O cheiro na sala de reuniões era uma mistura discreta de café queimado e de tinta de marcadores fluorescentes. De um lado da mesa estava a Léa, 29 anos, a “estrela” da equipa - aquela que se oferece sempre para a fase intensiva que acaba de madrugada. Do outro, o Paul, 43, gestor de projecto consistente, o tipo que não sai do escritório antes de deixar as folhas de cálculo impecáveis e a caixa de entrada a zero. Quando chegou a altura dos aumentos, a Léa contava com o seu grande momento: tinha ultrapassado metas, colocado no terreno um projecto arriscado e ainda tinha juntado algumas recomendações no LinkedIn. Mesmo assim, quando os números foram finalmente comunicados, foi o Paul que, sem alarde, recebeu a maior subida salarial. Ninguém o disse em voz alta, mas todos perceberam.
Por trás dos discursos sobre ambição e “potencial”, o dinheiro estava a ir noutra direcção.
Os salários estão, em silêncio, a premiar a superforça mais aborrecida: a fiabilidade
Basta observar uma equipa num trimestre particularmente exigente para o padrão aparecer. Os perfis mais sonoros e ambiciosos tomam conta das reuniões, sugerem atalhos ousados, falam de visão e de “disrupção”. São estimulantes. Criam dinâmica - e, por vezes, confusão. Em paralelo, os “fiáveis” passam mais despercebidos: respondem a e-mails dentro do prazo, enviam o resumo do que ficou decidido, detectam o erro numa cláusula do contrato que ninguém teve paciência de ler até ao fim.
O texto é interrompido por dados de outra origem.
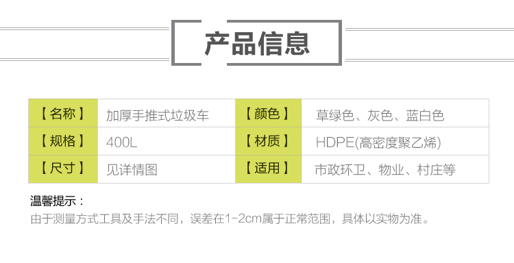 尺寸: 76*91*127CM 货号: XDL-400A-3 名称: 环卫垃圾车手推物业清洁车 规格: 灰色400L

Quando a poeira assenta, a liderança recorda-se de quem não deixou nada cair. Não de quem falou mais alto.
Pense-se na Sofia, especialista de informática numa empresa de logística de média dimensão. Não é o tipo de pessoa que publica textos longos sobre “cultura do hustle”. É, isso sim, quem atende o telefone às 23h30 quando o sistema do armazém bloqueia na véspera da Sexta-Feira Negra. Em três anos, não liderou nenhum projecto “de capa”. No entanto, evitou discretamente meia dúzia de desastres que teriam custado centenas de milhares de euros.
Quando os recursos humanos analisaram os salários, o manager dela escreveu apenas: “Nunca deixa o sistema ficar avariado.” Essa frase pesou mais do que qualquer apresentação sobre crescimento agressivo ou ambição pessoal.
A lógica é simples. As empresas gostam de pessoas ambiciosas, mas pagam melhor a redução de risco do que promessas de potencial. A ambição é uma aposta no amanhã. A fiabilidade funciona como uma apólice de seguro no presente. Um director financeiro consegue quantificar poupanças e perdas evitadas com muito mais facilidade do que “motivação extra” ou “mentalidade de crescimento”.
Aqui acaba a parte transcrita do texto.